Applies to: Maximo 7.6, MAS 8, and MAS 9
What you are seeing
A compliance number that was steady drops, sometimes sharply, often between one reporting period and the next, with no obvious change in how hard the crew is working.
What is actually happening
Work through these in order. The first two catch most cases.
Someone changed the definition. The single most common cause of a sudden drop is not the work, it is the report. A changed compliance window, a tightened on-time rule, or a filter someone adjusted will move the number without anything happening on the floor. Rule this out first.
A backlog wave came due. If a large group of PMs all came due in the same period and the crew could not get to them, compliance drops for a real reason. Check whether the volume of due work spiked.
Availability or parts. Compliance often drops because the people or the parts were not there. Low craft availability, a key crew out, or a run of stockouts will stall PM completion even when everyone is trying. The way to prove this rather than guess is to track labor and craft availability and stockouts as their own KPIs in KPI Manager, turn on their history, and lay them next to your compliance trend. If the dip lines up with low availability or a stockout spike, you have found your cause and your evidence in one move.
A segment fell behind. A single site, craft, or shift can drag the whole number down. Break the drop out by segment before you conclude the program slipped everywhere.
How to fix it
Compare this period's report definition and window to last period's. Confirm nothing changed. Check whether due-work volume spiked. Pull craft availability and stockout history and overlay it on the compliance dip. Segment the number by site and craft to localize the drop.
Confirm how any waiting statuses are handled in the compliance report. That includes the standard Waiting on Approval, Waiting on Material, Waiting on Plant Condition, and Waiting to be Scheduled, plus any custom Awaiting Access or Awaiting Permit statuses your site added. A wave of work parked in a waiting status can read as a drop, or hide one, depending on how the report counts those statuses and the internal value each one maps to.
What to check after
Once you know the cause, say it plainly in the report. "Compliance fell four points because two craftspeople were out and a stockout held up six PMs" is a far better answer than a number with no story.
Watch out for
A drop that is really a definition change dressed up as a performance problem. If you chase crews over a number that moved because someone edited a report, you lose trust and fix nothing.
This fixes the immediate investigation. If you are building or rebuilding a compliance program that does not produce these surprises, the Maximo KPI Guide to PM Compliance covers the full process from window definition through KPI Manager setup, segmentation, and the drilldown from aggregate to root cause.

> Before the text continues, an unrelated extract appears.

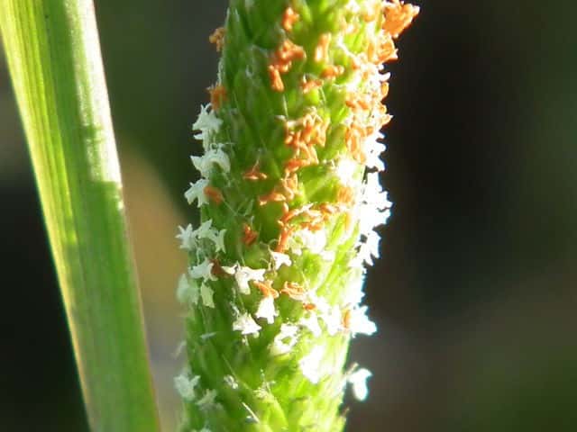 | ▼葯は白色から黄褐色に変わる。 | ▼花軸に多数の小穂が密についている。 | |
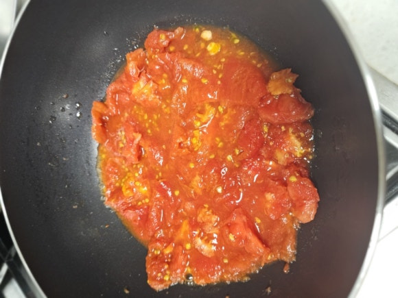 팬에 달걀을 스크램블로 익힌 후 따로 두고, 마늘, 파, 양파를 볶다가 토마토와 양념을 넣어 볶습니다.

Frequently Asked Questions
Why did my PM compliance suddenly drop?
Work through four causes in order. Someone changed the report definition or compliance window. A large group of PMs all came due in the same period. Craft availability dropped or stockouts stalled completions. Or a single site, craft, or shift fell behind and dragged the whole number down. The first two catch most cases.
How do I tell a real compliance drop from a report change?
Compare this period's report definition and compliance window to last period's. If the window was tightened, a filter was changed, or the on-time rule was adjusted, the number moved because the report changed, not because the work changed. Rule this out first before investigating the floor.
Can low labor availability or stockouts lower PM compliance?
Yes. Track craft availability and stockouts as their own KPIs in KPI Manager, turn on their history, and overlay them on the compliance trend. If the compliance dip lines up with low availability or a stockout spike, you have found both your cause and your evidence in one move.
Do waiting or Awaiting statuses affect PM compliance reporting?
They can. Work orders parked in waiting statuses (Waiting on Material, Waiting on Approval, Waiting on Plant Condition, and any custom Awaiting statuses your site added) may read as incomplete or be excluded depending on how the report counts those statuses and what internal value each one maps to. A wave of work in waiting status can show as a drop or hide one.